Refusant les explications historicistes existantes autour de la figure du


grand savant, Latour leur substitue des forces et des acteurs. Porte-parole
et amplificateur d’un mouvement déjà existant, Pasteur est parvenu à
capter les intérêts d’une grande partie de ses contemporains, puis à
construire un théâtre de la preuve rendant spectaculaire sa réussite. Dans
cette analyse historique du pouvoir, l’idée centrale est la suivante : il s’agit
de décomposer Pasteur en la multitude de forces qui l’ont rendu possible –
les hygiénistes, les médecins militaires, les patients, les fermiers, les
microbes, le régime impérial.

Il n’y a pas de contradiction dans le fait de décomposer le pouvoir de


Pasteur et de reconnaître, simultanément, son ingéniosité.

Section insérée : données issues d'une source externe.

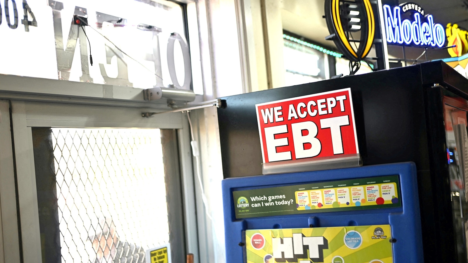 A placard inside a comfort retailer states “WE ACCEPT EBT” (Digital Profit Switch), which can be halted tomorrow, weeks into the persevering with U.S. authorities shutdown, in Thornton, Colorado, Oct. 31, 2025.
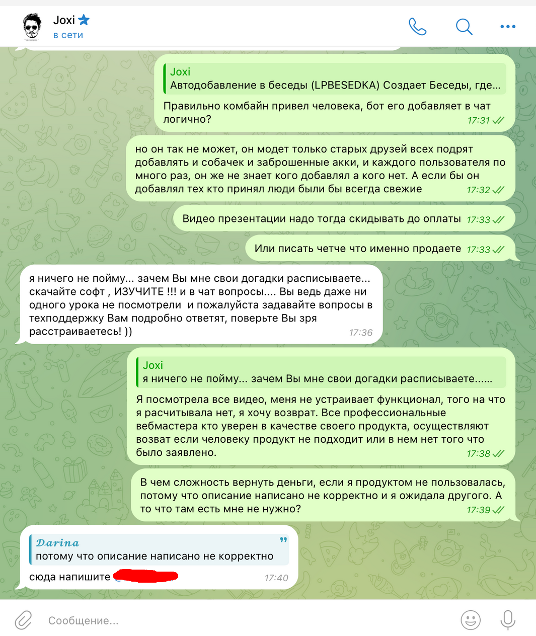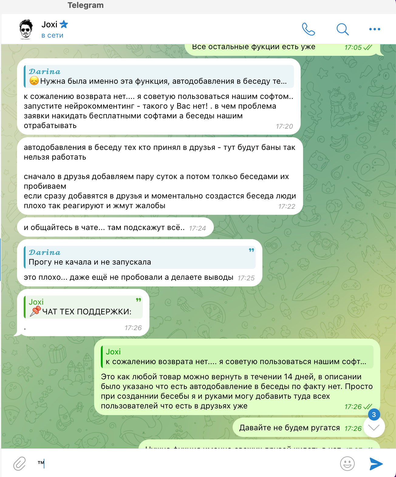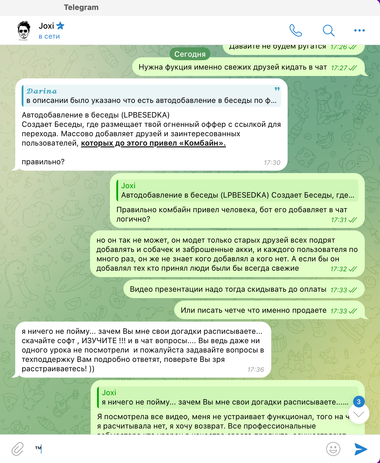 Так вы мне сами сказали что функции которая мне нужна нет, а те что есть мне не нужны. Единственно что мне было нужно, свежепринятых друзей собирать в беседу на этом все, ради этого ПО приобреталось, все остальные функции у меня есть в более удобном сервисе, о чем я вам кстати говорила. В чем сложность сделать возврат одной копии программы я не понимаю, при том что я ее даже не активировала. В чем сложность писать описание правильно, показывать виедопризентацию ДО оплаты?
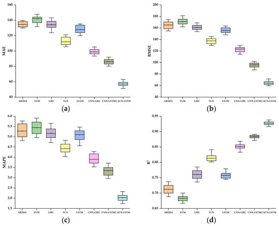 Figure 12, the fluctuation range of each indicator of CACN-LSTM is also the smallest, indicating that CACN-LSTM not only has high prediction accuracy but also surpasses the benchmark model in terms of stability.
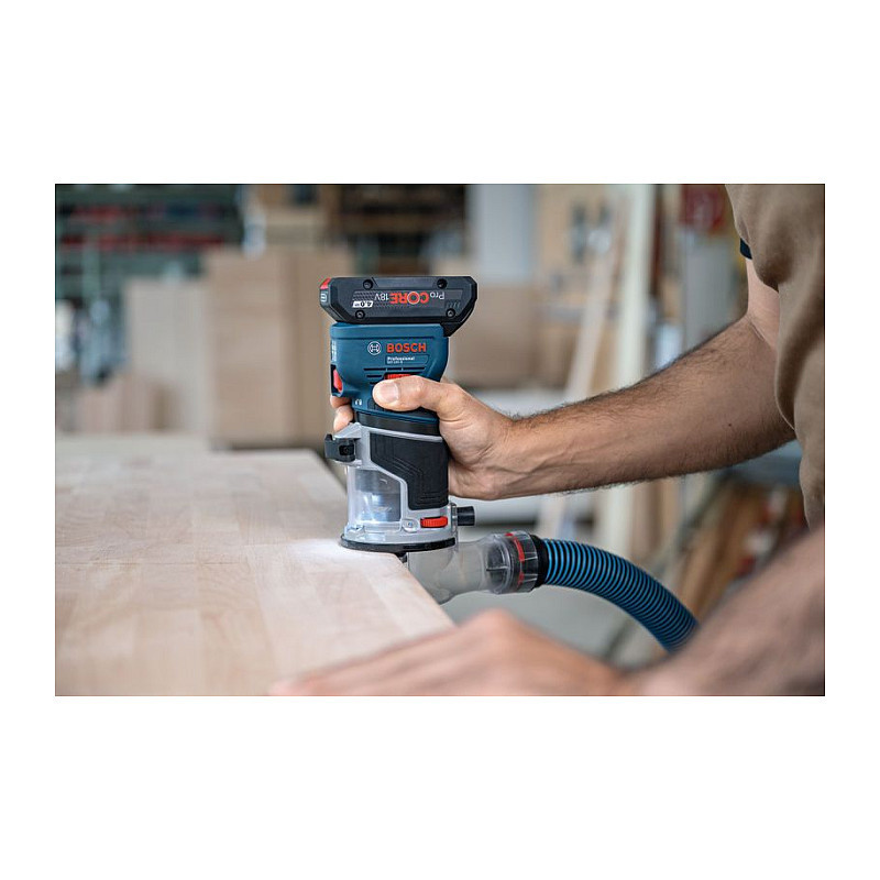 In addition, the GKF 18V-8 is the world's only 18V palm router with purpose-built surface and edge routing vacuum adaptors, providing highly efficient dust collection in all situations."
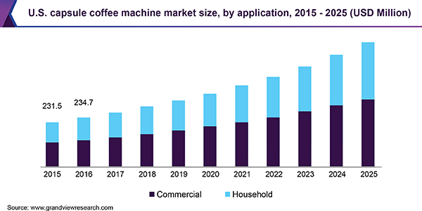 - The global capsule coffee machine market is expected to expand at a CAGR of 13.3% from 2019 to 2025
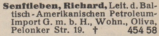 Baltisch - Amerikanische Petroleum - Import - G.m.b.H. Dyrektor Richard Senftleben.
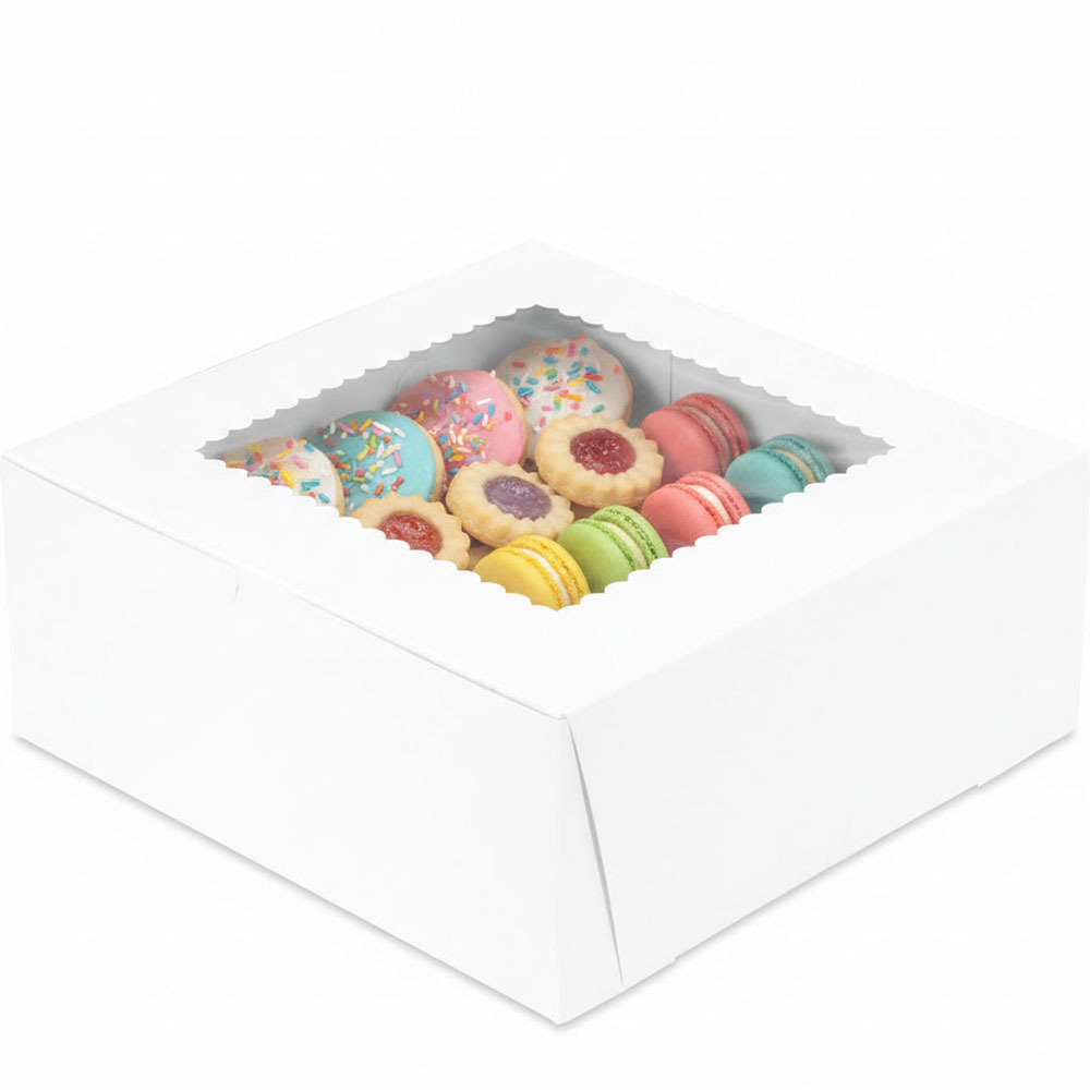 12 x 12 x 5 White Window Bakery Boxes (with Lock Corner)
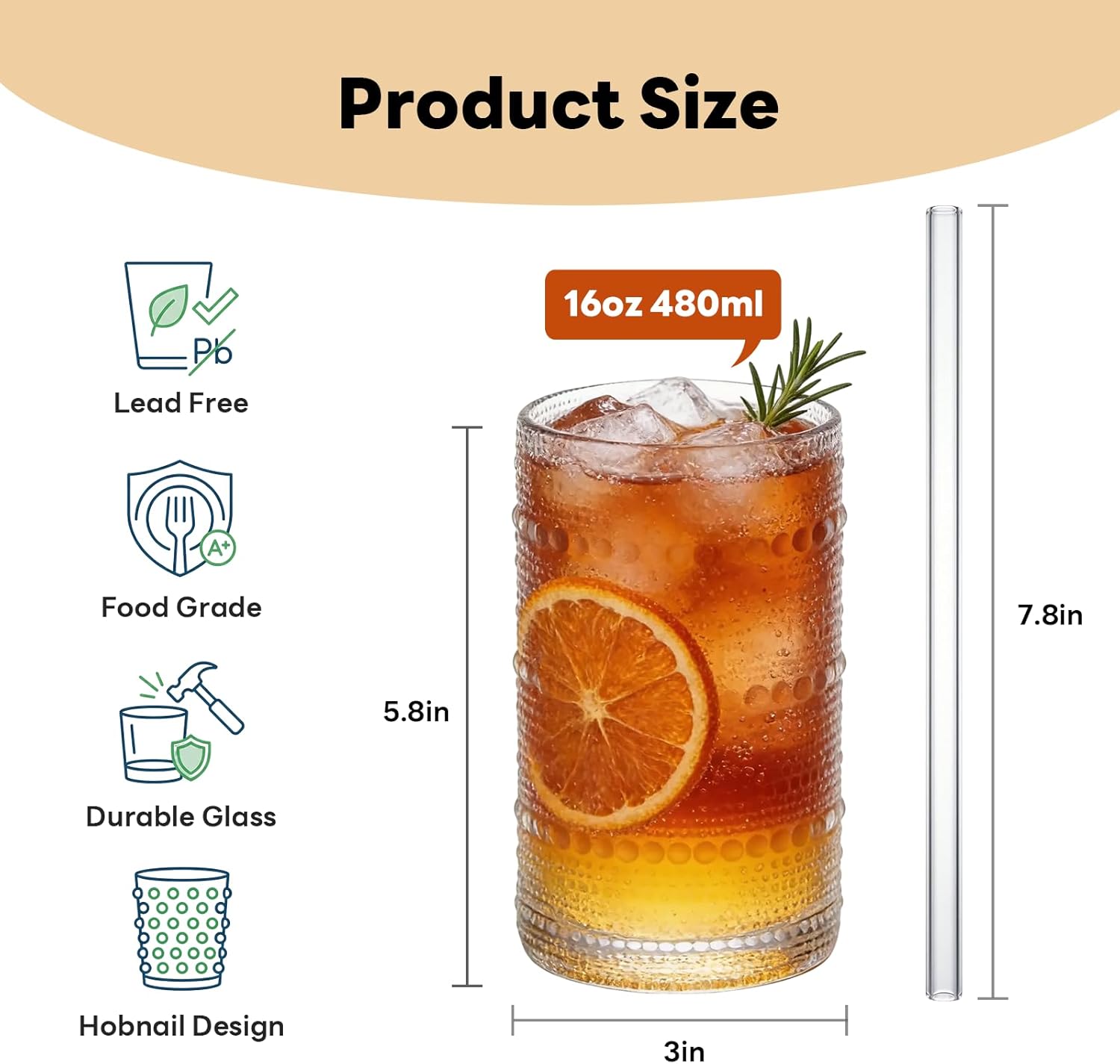 | Included Components | 6 Vintage Hobnail Drinking Glasses |
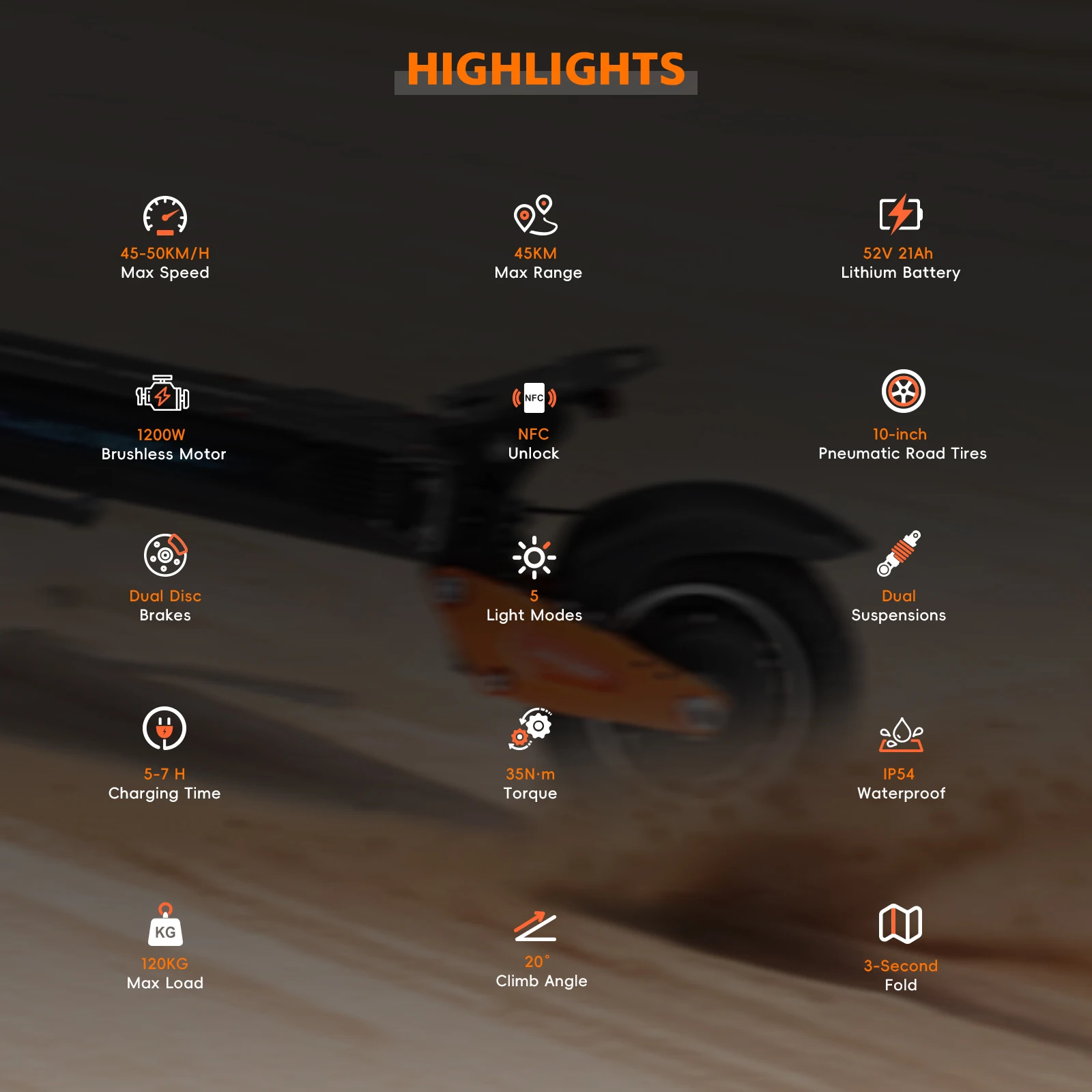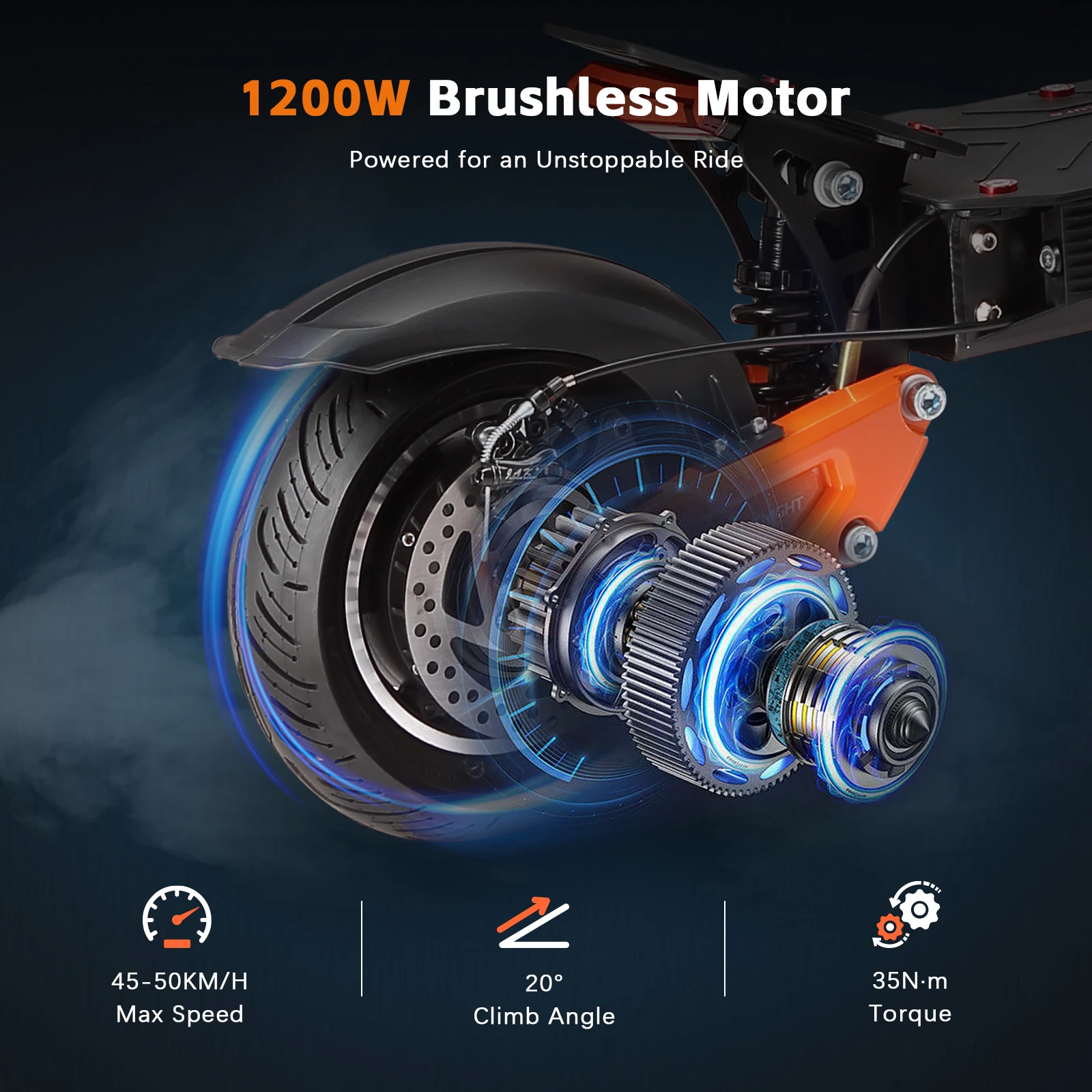 1. 1200W Powerful Motor: Reach speeds up to 50km/h for fast, exciting rides and effortless hill climbing.

Il faut
simplement revoir notre compréhension de la puissance. La puissance
n’est pas un réservoir mystérieux dans lequel puisent les grands hommes,
mais le résultat d’associations locales entre de nombreux agents : « une
idée, même géniale, même salvatrice, ne se déplace jamais seule. Il faut
une force qui vienne la chercher, s’en empare pour ses propres motifs, la
déplace et, peut-être, la trahisse. »

En retraçant « l’histoire commune » des sciences, des techniques et des


sociétés, Les Microbes et Irréductions défendent une métaphysique qui
n’accepte pas la distinction entre la nature et la société. Le traité de
philosophie commence par une parabole, celle de Robinson, et par une
autre référence littéraire, Defoe, mais surtout Tournier, qui réécrit le
mythe. Robinson vu par Tournier découvre, en acceptant de suivre
Vendredi, « un nouveau monde, un nouvel ordre des choses ». Sur cette
île, Robinson est seul. Alors que « Vendredi a des rivaux, des alliés, des
ennemis, des amis, des confidents, une population de frères et de brigands
dont un seul porte le nom d’homme ».